SUPPLIED RECORDS:
○ ○ ○ ○ ○

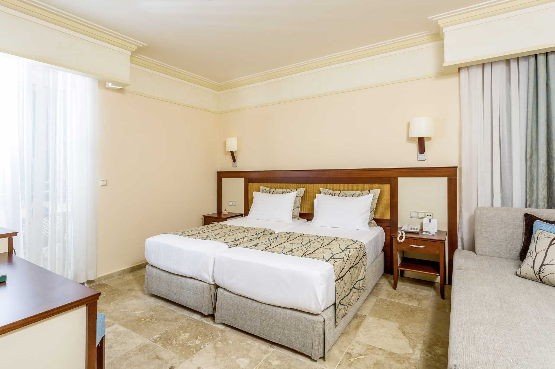 Suurempi kahden hengen huone jossa parveke. Parivuode tai kaksi lisävuodetta. Lisävuodemahdollisuus vuodesohvaan. Maksuton wifi, ilmastointi ja tallelokero. Joissakin kahden hengen huoneissa on keskusohjattu ilmastointi, joka kytkeytyy päälle/pois eri aikoina säästä riippuen. Minibaari. Vedenkeitin, kahvia ja teetä. Tv kansainvälisillä kanavilla. Hiustenkuivain. Kylpyhuoneessa amme ja suihku sekä wc. Siivous 7 krt/viikko. Huoneessa on muutama rappunen. Alle 2-vuotiaat lapset lasketaan lisävuoteessa majoittuvksi henkilöiksi.
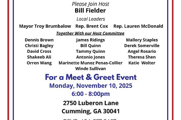 Hank's Forsyth County Friends and Supporters Are Invited to November 10 Meet & Greet - Share With Your Local Friends and Neighbors
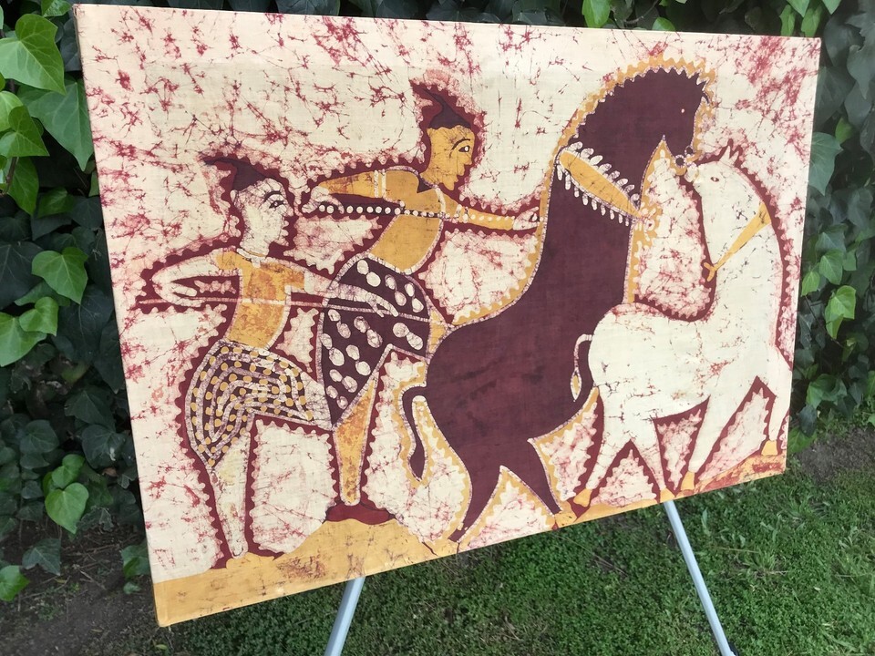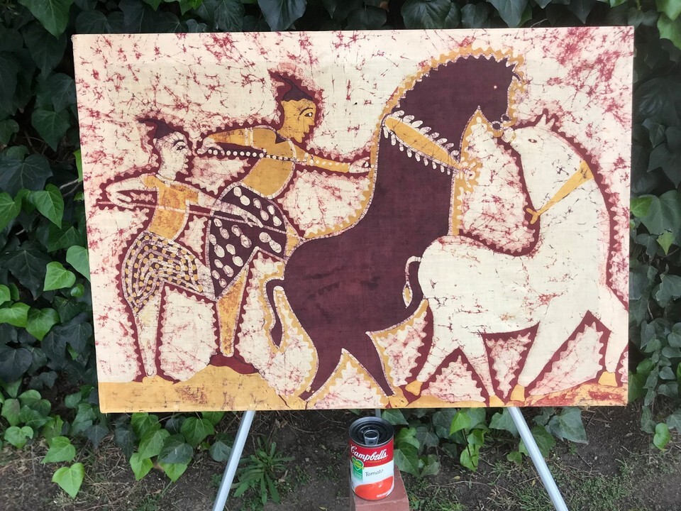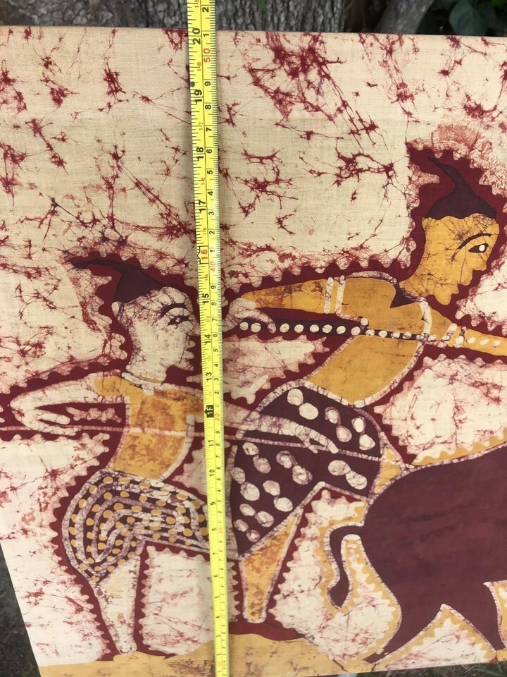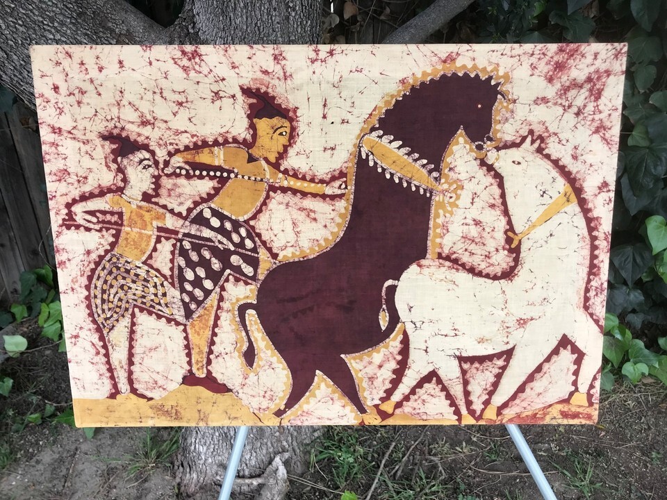 VINTAGE BALI BATIK Original MODERN PRIMITIVE Men Horse Cave Art Fabric Painting
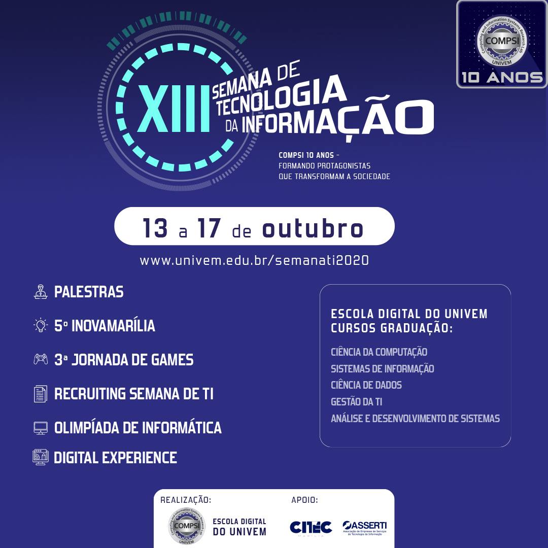 Tem início, na próxima terça-feira, dia 13, a XIII Semana de Tecnologia da Informação do UNIVEM, organizada pelos cursos de Sistemas de Informação, Ciência de Dados e Ciência da Computação da instituição. As inscrições estão abertas e podem ser realizadas pelo site: www.univem.edu.br/semanati2020.
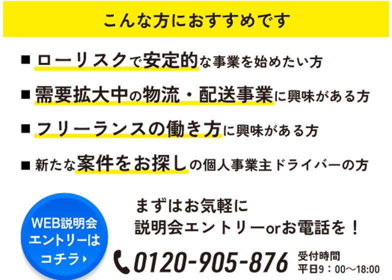 【WEB説明会】加盟金・保証金0円、企業専属便で約5000名のドライバーが活躍中です!
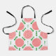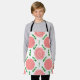 Great color and even though I ordered the kid size, it covers well enough to use during the holidays. I am not a big woman and prefer a shorter apron. I stand 5"6" and the length of the garment goes to mid-thigh. The tie straps fit well at my waist and even though there is no neck strap adjustment, the opening is plenty big enough. I am happy with the size and fit. I am sharing my apron with my 10 year old grandson, too! The color is vibrant and looks good, as shown on the website. The stitching looks strong and reinforced. Photographed is front side and back side of the apron, reinforced straps and coloring. My phone camera may not be the best at showing the details.
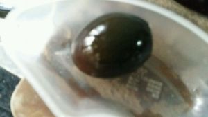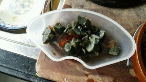 皮蛋去壳,切丁,葱,切成葱花,备用。
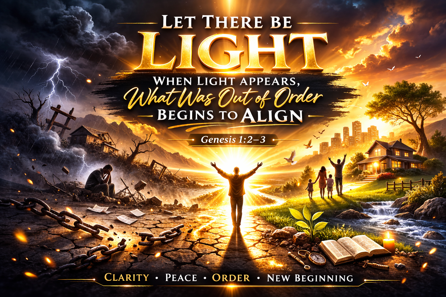 This is not a weak prayer but a violent spiritual demand for divine order. When you ask for light, you are asking God for the kind of intervention that makes disorder uncomfortable. So do not settle around what is shapeless or adapt to confusion. Stand before God with holy boldness and cry, โOver this matter, let there be light.โ Let there be light until there is order. Let there be light until there is clarity. Let there be light until there is movement. Let there be light until what has been without form begins to reflect the hand of God.
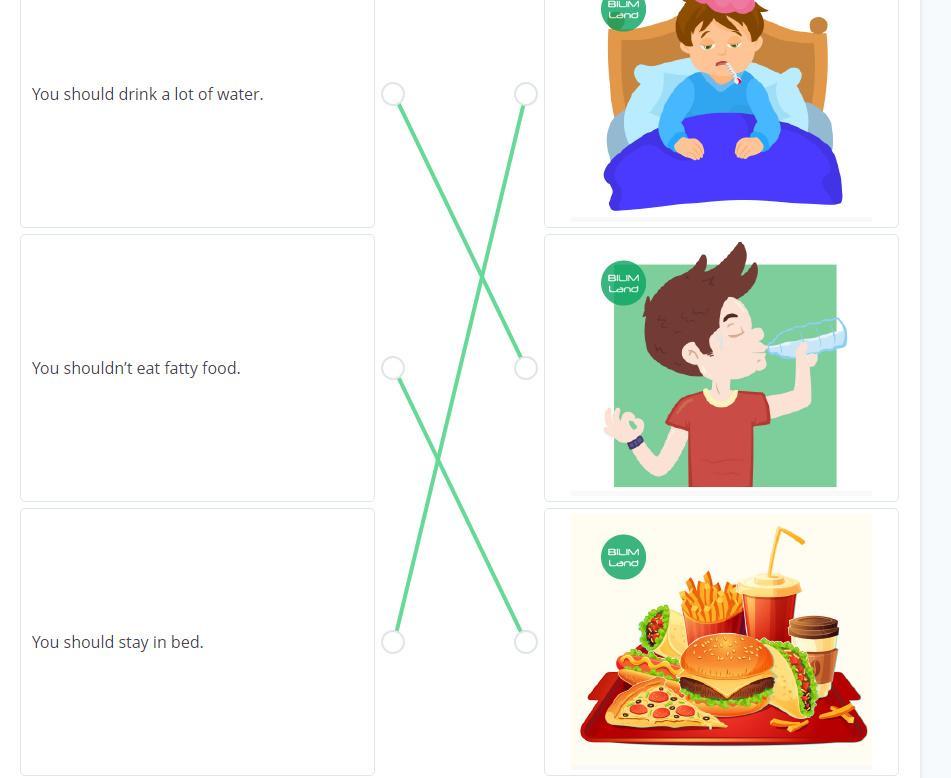 Professional treatment Match the pictures to the correct statements. » Number of connections: 3 You should drink a lot of water. You shouldn't eat fatty food. EL You should stay in bed.
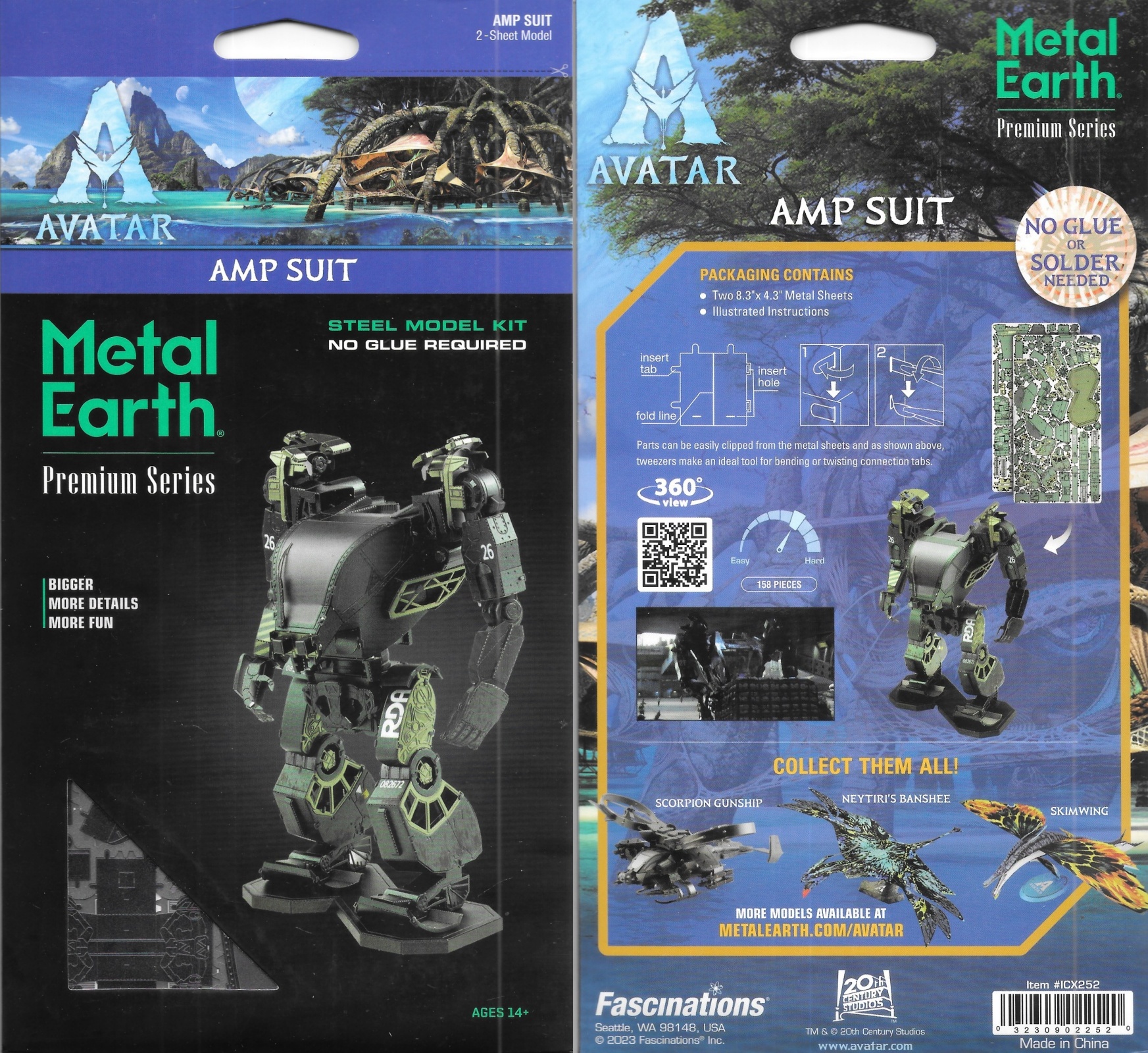This amazingly detailed model starts as two 8.3″ x 4.3″ metal sheets and finishes as a 3-D model. It is approximately 3.3″ L x 2″ W x 4.5″ H when assembled and this one features the Amp Suit, from the popular Avatar movies. The Mitsubishi MK-6 Amplified Mobility Platform (or “AMP” suit) is a distant descendant of the first military exoskeletons used on Earth in the mid-21st century. The sheets contains detailed laser etching for easy removal. Complete instructions are included to show you how to pop out the pieces, bend the tabs, and connect them at the attachment points. This kit is considered moderate with an average assembly time of 45-60 minutes. It has been stored in a smoke and pet free environment. We also offer an optional LED base or a Solar Spinner for better display of your model.
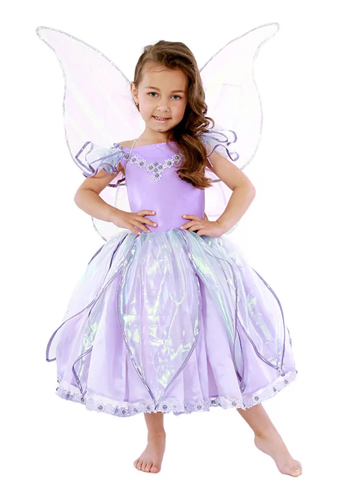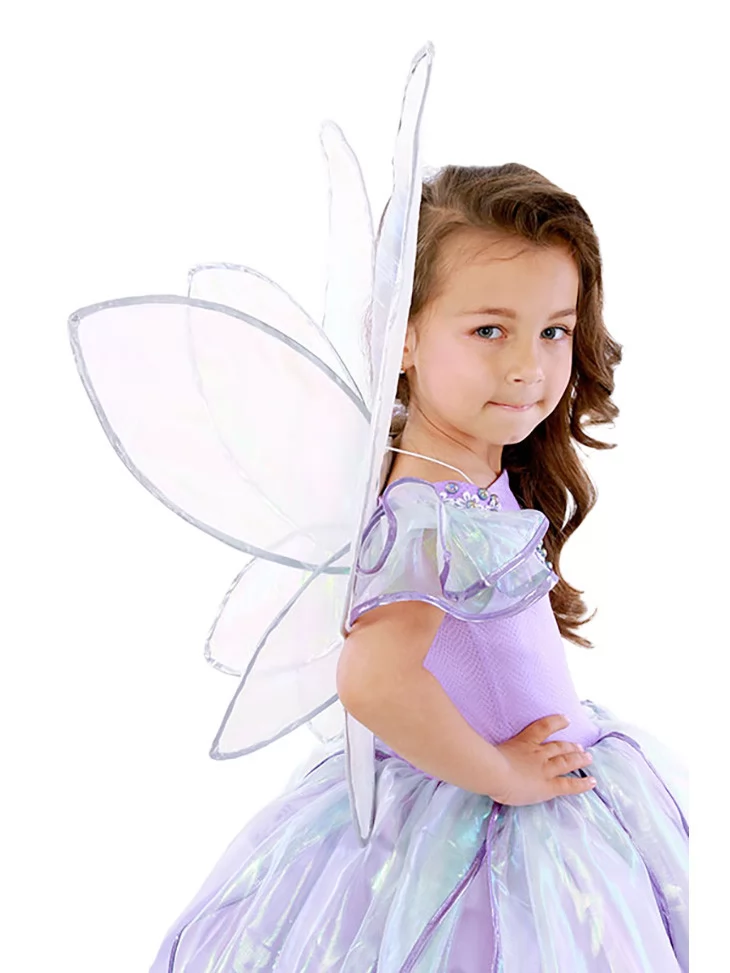 Ніжний та чарівний образ метелика у лавандових відтінках, що ніби прилетів із казкового саду. Повітряна сукня з легкими переливами тканини, прозорі крила та делікатний декор створюють дуже ніжний і святковий образ. Такий костюм стане чудовим варіантом для оренди карнавальних костюмів на дитячі ранки, виступи та фотосесії.

○ ○ ○ ○ ○

EXERCISE REQUIREMENTS: Everything in the preceding material must be transcribed exactly, except the images.

EXERCISE RESULT:
 Suurempi kahden hengen huone jossa parveke. Parivuode tai kaksi lisävuodetta. Lisävuodemahdollisuus vuodesohvaan. Maksuton wifi, ilmastointi ja tallelokero. Joissakin kahden hengen huoneissa on keskusohjattu ilmastointi, joka kytkeytyy päälle/pois eri aikoina säästä riippuen. Minibaari. Vedenkeitin, kahvia ja teetä. Tv kansainvälisillä kanavilla. Hiustenkuivain. Kylpyhuoneessa amme ja suihku sekä wc. Siivous 7 krt/viikko. Huoneessa on muutama rappunen. Alle 2-vuotiaat lapset lasketaan lisävuoteessa majoittuvksi henkilöiksi.
 Hank's Forsyth County Friends and Supporters Are Invited to November 10 Meet & Greet - Share With Your Local Friends and Neighbors
 VINTAGE BALI BATIK Original MODERN PRIMITIVE Men Horse Cave Art Fabric Painting
 Tem início, na próxima terça-feira, dia 13, a XIII Semana de Tecnologia da Informação do UNIVEM, organizada pelos cursos de Sistemas de Informação, Ciência de Dados e Ciência da Computação da instituição. As inscrições estão abertas e podem ser realizadas pelo site: www.univem.edu.br/semanati2020.
 【WEB説明会】加盟金・保証金0円、企業専属便で約5000名のドライバーが活躍中です!
 Great color and even though I ordered the kid size, it covers well enough to use during the holidays. I am not a big woman and prefer a shorter apron. I stand 5"6" and the length of the garment goes to mid-thigh. The tie straps fit well at my waist and even though there is no neck strap adjustment, the opening is plenty big enough. I am happy with the size and fit. I am sharing my apron with my 10 year old grandson, too! The color is vibrant and looks good, as shown on the website. The stitching looks strong and reinforced. Photographed is front side and back side of the apron, reinforced straps and coloring. My phone camera may not be the best at showing the details.
 皮蛋去壳,切丁,葱,切成葱花,备用。
 This is not a weak prayer but a violent spiritual demand for divine order. When you ask for light, you are asking God for the kind of intervention that makes disorder uncomfortable. So do not settle around what is shapeless or adapt to confusion. Stand before God with holy boldness and cry, โOver this matter, let there be light.โ Let there be light until there is order. Let there be light until there is clarity. Let there be light until there is movement. Let there be light until what has been without form begins to reflect the hand of God.
 Professional treatment Match the pictures to the correct statements. » Number of connections: 3 You should drink a lot of water. You shouldn't eat fatty food. EL You should stay in bed.
This amazingly detailed model starts as two 8.3″ x 4.3″ metal sheets and finishes as a 3-D model. It is approximately 3.3″ L x 2″ W x 4.5″ H when assembled and this one features the Amp Suit, from the popular Avatar movies. The Mitsubishi MK-6 Amplified Mobility Platform (or “AMP” suit) is a distant descendant of the first military exoskeletons used on Earth in the mid-21st century. The sheets contains detailed laser etching for easy removal. Complete instructions are included to show you how to pop out the pieces, bend the tabs, and connect them at the attachment points. This kit is considered moderate with an average assembly time of 45-60 minutes. It has been stored in a smoke and pet free environment. We also offer an optional LED base or a Solar Spinner for better display of your model.
 Ніжний та чарівний образ метелика у лавандових відтінках, що ніби прилетів із казкового саду. Повітряна сукня з легкими переливами тканини, прозорі крила та делікатний декор створюють дуже ніжний і святковий образ. Такий костюм стане чудовим варіантом для оренди карнавальних костюмів на дитячі ранки, виступи та фотосесії.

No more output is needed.